Have you ever noticed that virtually all of the prominent "ex-gays for pay" have a common theme in their pasts? It seems that nearly every one, whether male of female, has a history that includes alcoholism, drug use, prostitution, molestation, screwed up family backgrounds, or all of the foregoing. And rather than take real responsibility for the bad life choices they made, they without exception want to blame their tortured pasts on being gay. In fact, in my view, the biggest problem driving all of the poor choice behavior these "ex-gays" exhibit is the psychological damage they experienced from their religious upbringings. I've often maintained that raising and LGBT child in a far right religious household is a form of child abuse and most "ex-gays" - many of whom have no careers except playing ex-gay for pay - seem to be very damaged individuals as a result of their religious inner self-hate and self-loathing. To listen to these "ex-gays," no one who is LGBT can lead a normal productive life like everyone else in society. Truth be told, most of us do and given their train wreck like past lives, "ex-gays" would seem to be the last people to advise others on any issue.

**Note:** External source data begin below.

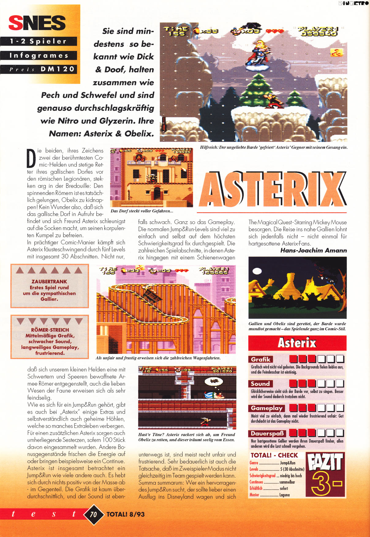 Mit Emulator hielt sich der Frust in Grenzen und Asterix, der Gallier konnte seinen Spaß entfalten, wenn auch nichts Außergewöhnliches geboten wird. Ansonsten wäre das Modul wohl nach wwenigen Minuten in der Ecke gelandet. Man zeige mir das Kind, welches dieses Spiel am Stück und ohne mit der Wimper zu zucken durchspielt. Ein großer Becher Eis ist diesem Kind gewiss. Mit Sahne! Und einer Kirsche oben drauf!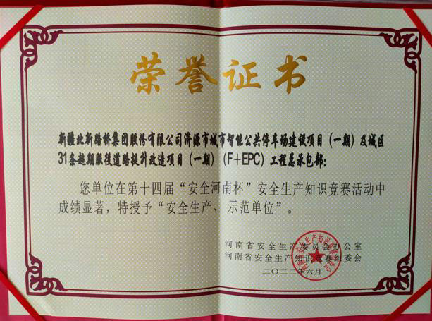 近日,從河南省安全生產(chǎn)委員會(huì)辦公室傳來(lái)喜訊,北新路橋集團(tuán)西安分公司河南濟(jì)源市政工程項(xiàng)目在第十四屆“安全河南杯”安全生產(chǎn)知識(shí)競(jìng)賽活動(dòng)中成績(jī)突出,榮獲河南省安全生產(chǎn)委員會(huì)辦公室、河南省安全生產(chǎn)知識(shí)競(jìng)賽組委會(huì)聯(lián)合授予“安全生產(chǎn)示范單位”獎(jiǎng)牌及榮譽(yù)證書(shū)。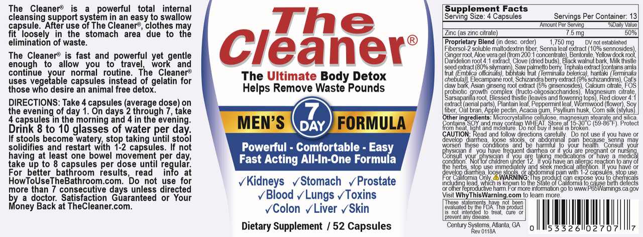The Cleaner 7 Day Men S Formula 52 Caps Body Detox Fast Free 1st Class Shipping 19 99 Picclick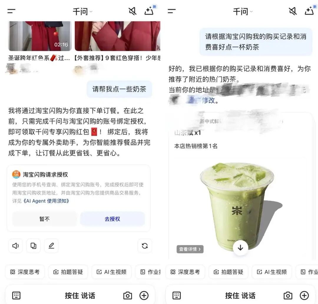 图:升级后的千问APP执行“点奶茶”指令 来源:千问APP《听筒Tech》截图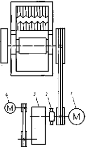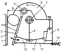 из сварного корпуса 1, в котором в подшипниках установлен эксцентриковый вал 7 с подвешенным к нему шатуном 8. Нижний конец шатуна имеет специальные гнезда, в которых свободно вставлены концы распорных плит 12 и 13. Противоположный конец распорной плиты 13 вставлен в гнездо подвижной щеки 3, подвешенной на оси 5. Конец плиты 12 упирается в клиновой упор регулировочного устройства 9. Тяга 11 и пружина 10 обеспечивают обратное движение подвижной щеки и удерживают от выпадения распорные плиты. К неподвижной 2 и подвижной щекам крепятся дробящие плиты 4 с вертикальным рифлением, являющиеся основными рабочими органами щековых дробилок. Рабочие поверхности дробящих плит и боковые стенки корпуса дробилки образуют камеру дробления. Дробящие плиты устанавливают так, чтобы выступы одной располагались против впадин другой (рис. 2, в). Привод дробилки состоит из электродвигателя и многорядной клиноременной передачи с массивным шкивом-мховиком 6. Для обеспечения пуска дробилок, а также пуска дробилок под завалом в последних конструкциях дробилок применен вспомогательный привод (рис 3).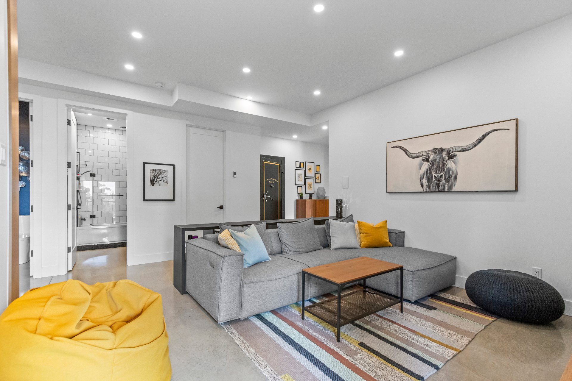 for an airy feel, a large family room/home theatre, laundry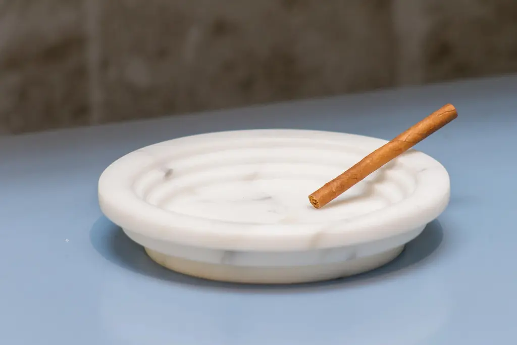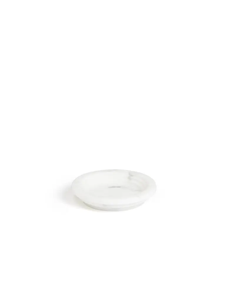 Guggenheim round ashtray by Michele ChiossiDimensions: 16 x 16 x 3 cmMaterials: Bianco Michelangelo marbleHis research is defined by the ongoing analysis of the mood that marks our daily lives, which he manifests through original still-lives and poetic reveries. He renews language by reprogramming sculpture. In fact, he revisits the shapes of his distinctive zigzag marks and rewrites the statuary through the plasticity of the modelled, using precious materials (specifically marble) and technological ones (neon, urethane rubber, epoxy resins), often combining them.

Jeremy Hooper looks at the bizarre lives of the "ex-gays for pay" in a post at Good As You:

n a recent interview with Christian radio host Janet Parshall, professional "ex-gay" Stephen Bennett did that thing the professional "former homosexuals" always do: He linked a whole host of horrible life experiences and choices to his sexuality, as if unrelated feathers are undetachable parts of the gay bird . . .

It's so telling. Virtually to a person, these career "ex-gays" have backgrounds (or supposed backgrounds) of prolonged drug abuse, alcoholism, family strife, molestation, vicious shunning, obsessions with club life, bulimia, and any number of things with which most people truly would need to deal, if they wanted to advance. These "former gays" then link those other elements directly to their sexual orientations, as if it's all in the same bucket. Alan Chambers does it. Charlene Cothran did it. Melissa Fryrear does it. Janet Boynes does it. We never see an "ex-gay" paycheck-earner who just happened to be LGBT with the everyday, up and down life experiences that are most common among the LGBT population. They are always presented as having been addicted, abused, trapped, entrenched, damaged, broken, stuck in horrible relationships, sex-crazed, lacking ambition, immoral (or at best amoral), and generally hurting -- part of a "lifestyle" rather than a life.

I actually think it does more damage to their cause than they realize. Most modern Americans now know an LGBT person or two. Many more see LGBT people in pop culture. A growing number even realize that the negative cultural elements that do greet some LGBT people are largely the byproducts of decades of forced differentiation and stigma, not innate "brokenness."

More and more people know that Stephen Bennett, despite his pretense of firsthand insight, doesn't speak for the LGBT experience, writ large: He speaks for Stephen Bennett, or at least the professionally-crafted version thereof. Oh, and of course he speaks against the entire field of credible science. So there's that, too.